¹ Amgen Inc., One Amgen Center Drive, Thousand Oaks, CA, 91320-1799, USA. neungseon.seo@amgen.com.
² Amgen Inc., One Amgen Center Drive, Thousand Oaks, CA, 91320-1799, USA.

Abstract

Introduction: ABP 938 is being developed as a biosimilar candidate to aflibercept reference product (RP), a biologic used for certain angiogenic eye disorders. This study was designed to provide a comparative analytical assessment of the structural and functional attributes of ABP 938 and aflibercept RP sourced from the United States (US) and the European Union (EU).

Methods: Structural and functional characterization studies were performed using state-of-the-art analytical techniques that were appropriate to assess relevant quality attributes and capable of detecting qualitative and quantitative differences in primary structure, higher-order structure and biophysical properties, product-related substances and impurities, general properties, and biological activities.

Results: ABP 938 had the same amino acid sequence and exhibited similar secondary and tertiary structures, and biological activity as aflibercept RP. There were minor differences in a small number of biochemical attributes which are not expected to impact clinical performance. In addition, aflibercept RP sourced from the US and EU were analytically similar.

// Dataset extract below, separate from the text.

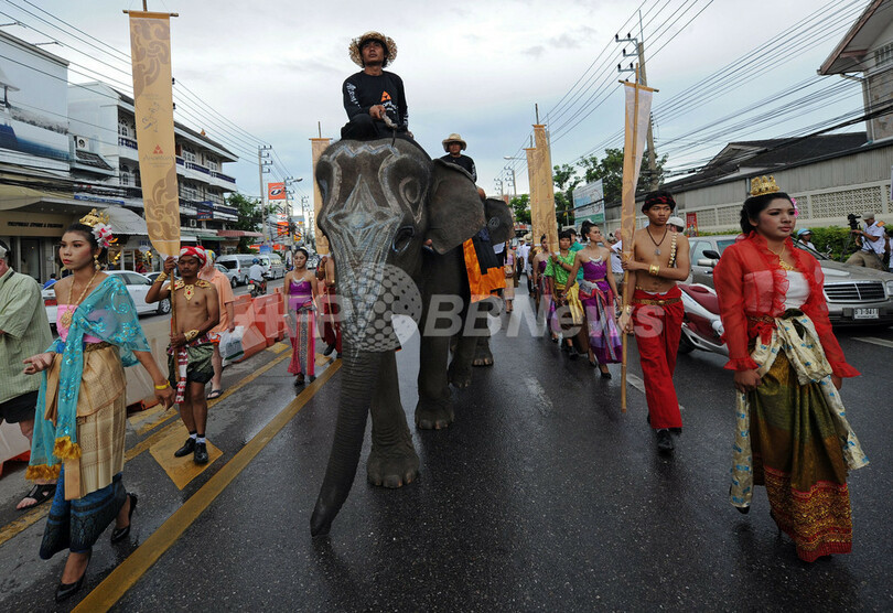 写真は大会の一環で行われた、伝統衣装姿の人々とゾウのパレード(2012年9月12日撮影)。(c)AFP/PORNCHAI KITTIWONGSAKUL

Conclusions: ABP 938 was structurally and functionally similar to aflibercept RP. Since aflibercept RP sourced from the US and EU were analytically similar, this allows for the development of a scientific bridge such that a single-source RP can be used in nonclinical and clinical studies.

Keywords: ABP 938; Aflibercept; Analytical similarity; Biosimilar pharmaceuticals; Eye diseases; Structural and functional similarity; VEGF.

Plain language summary

Eylea^® (aflibercept) is a biologic medication approved for the treatment of patients with certain eye diseases that can result in low vision or blindness. Biosimilars are biologic medications that are highly similar to an existing approved biologic medication, often called a reference product. Biosimilars have the potential to reduce medication costs despite having no clinically significant differences in quality, efficacy, and safety from their reference products. ABP 938 is currently being developed as a biosimilar to aflibercept reference product. We have conducted similarity studies to compare multiple batches of ABP 938 and aflibercept reference product sourced from both the United States and the European Union, using state-of-the-art analytical methods. The results demonstrated that ABP 938 had the same amino acid sequence and similar structural and biological activities as aflibercept reference product. Before biosimilars can be used as medicines, studies such as this one are required by the Food and Drug Administration and other regulatory authorities to ensure that biosimilars are as safe and effective as their reference products.